Three cochlear implants are available that have been cleared by the U.S. FDA:
- Advanced Bionics - multi-channel, multi-electrode
- Cochlear Americas - multi-electrode
- Med-EL - multi-electrode
Surgical Procedure: Cochlear implants are surgically implanted under the skin behind the ear. The operative procedure for each of the three cochlear implants above is very similar, depending on electrode design and configuration.
Depending on anatomy and other considerations, the poorer hearing ear is usually implanted first. Again, depending on anatomy and patient preference, the other ear may be implanted either in a staged fashion (usual) or simultaneously (more rarely).
The operation is performed under general anesthesia and takes 2.5 - 4 hours depending on anatomy and underlying medical conditions. Procedures are performed in either an ambulatory surgical center (SCA Surgical Center of Greensboro or Cone Day Surgery Center) with overnight stay capability or at our hospital (Cone Health/Moses Cone Hospital campus). Ear Center patients stay overnight and are discharged the following day. Patients return in 7-10 for follow-up and suture removal.
Cochlear implantation usually results in some minor, transient incision and ear pain for a few days. Vertigo or unsteadiness may be present in some patients for one to four weeks. Some patients experience transient taste disturbance for up to one month. Patients take postoperative antibiotics for 10 days.
CI Activation: Cochlear implant activation is performed 4-6 weeks postoperatively depending on healing. Follow-up cochlear implant programming is performed by highly trained audiologists and is individualized per patient.
Performance: The most important determiner of success with a cochlear implant is the length of time of deafness prior to implantation. Some brains are able to interpret the signals very well and others struggle to make sense of the signals. This results in 1/3 of patients being low performers, 1/3 medium performers, and and 1/3 high cochlear implant performers, respectively. Currently, no preoperative tests are available to predict postoperative performance. Some, but not all, patients function well enough to be able to talk to familiar speakers over a telephone or cellphone. There are no guarantees that cochlear implantation can help to restore any hearing, in either ear, in any one individual.

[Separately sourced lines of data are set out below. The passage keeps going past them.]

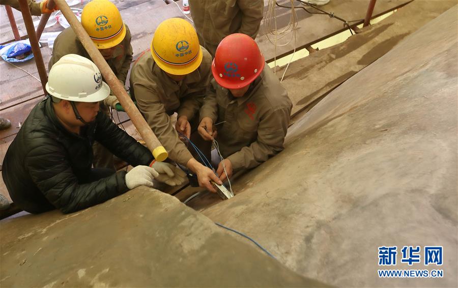 中鐵西北科學(xué)研究院有限公司文保中心的工作人員將勘測(cè)探頭放入大佛巖體內(nèi)(3月17日攝)。
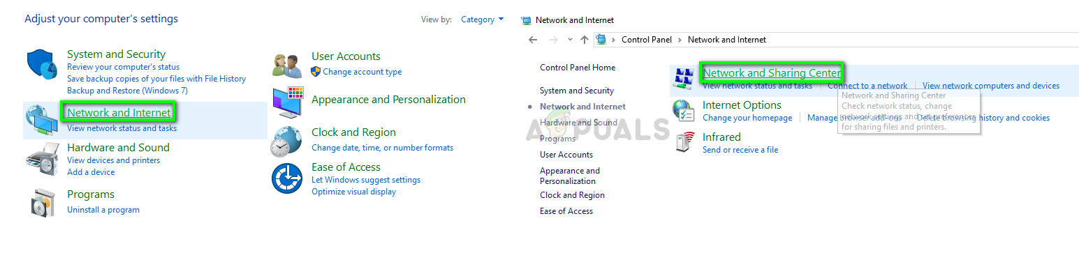 - Once in the control panel, click on Network and Internet and then click on Network and sharing center.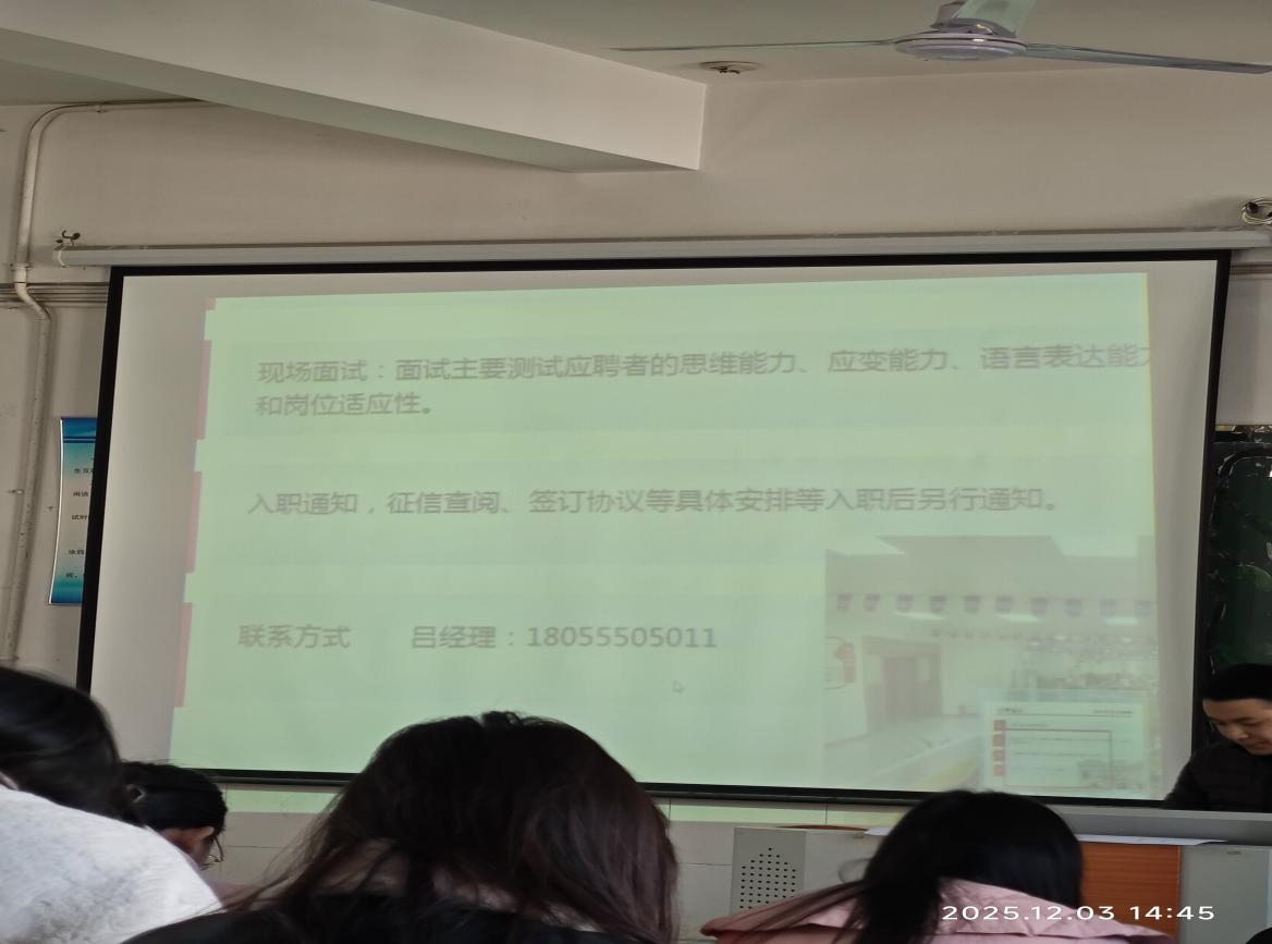 为深化校企合作、拓宽毕业生就业渠道,12月3日,中国人民财产保险股份有限公司马鞍山分公司走进马鞍山师范高等专科学校,面向经管学院23级毕业班学生举办2025年校园招聘宣讲会,搭建人才供需“直通车”。
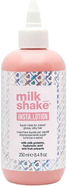 З лосьйоном Milk Shake Insta Lotion волосся миттєво набуває інтенсивного блиску завдяки відновлювальним інгредієнтам, які балансують рівень зволоження волосся і забезпечують гладкість. Лосьйон відновлює сяйво і блиск волосся, залишаючи після себе свіжий персиковий аромат. Кращий засіб для додання блиску волоссю в домашніх умовах.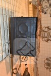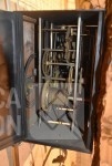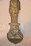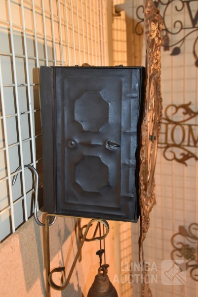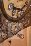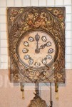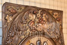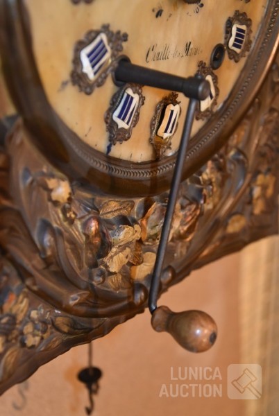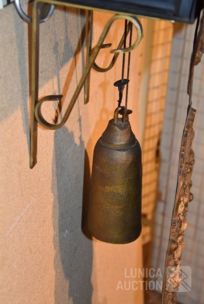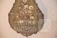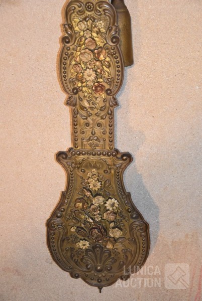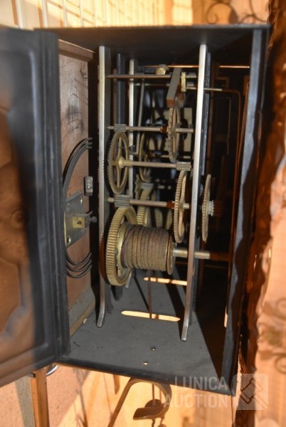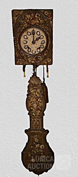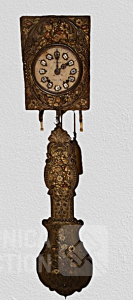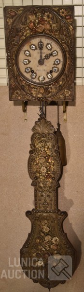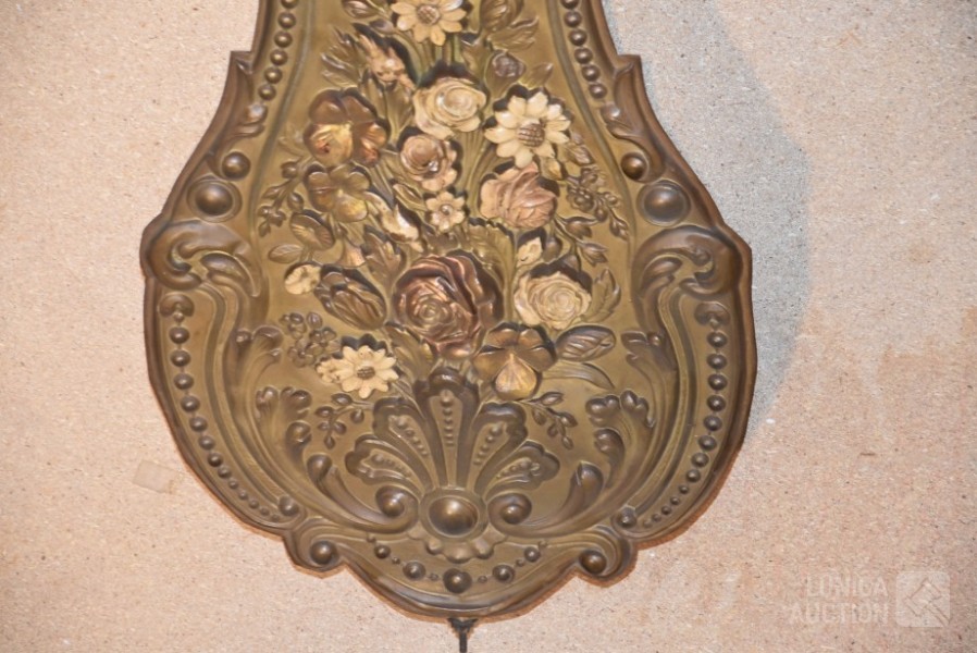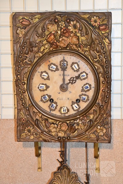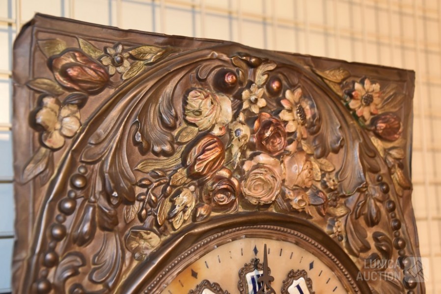 Met rozen gedecoreerde koperen comtoise klok met losse emaille cartouches, inclusief klokkenstoel en sleutel. Hoogte 145 cm, breedte 35 cm. Klok is niet getest.

Brain Training: After a cochlear implant is performed, a one to two year period is needed for practice and brain training. Immediately after activation, patients do not hear normally or as they remembered before their hearing deteriorated or disappeared. Sophisticated computer programming or "mapping" performed over several years is required for patients to achieve their maximum hearing.
Video - How Cochlear Implants Work
Cochlear implants were started in 1960 by William F. House, D.D.S., M.D. of the House Ear Institute. The first human patient was implanted in 1973. Currently, there are three approved multi-electrode cochlear implants available - Cochlear Americas, Advanced Bionics, and Med-El.
William F. House, D.D.S., M.D.
To date, over 100,000 people worldwide have been implanted with cochlear implants. In the United States, more than 22,000 adults and 15,000 children have been implanted.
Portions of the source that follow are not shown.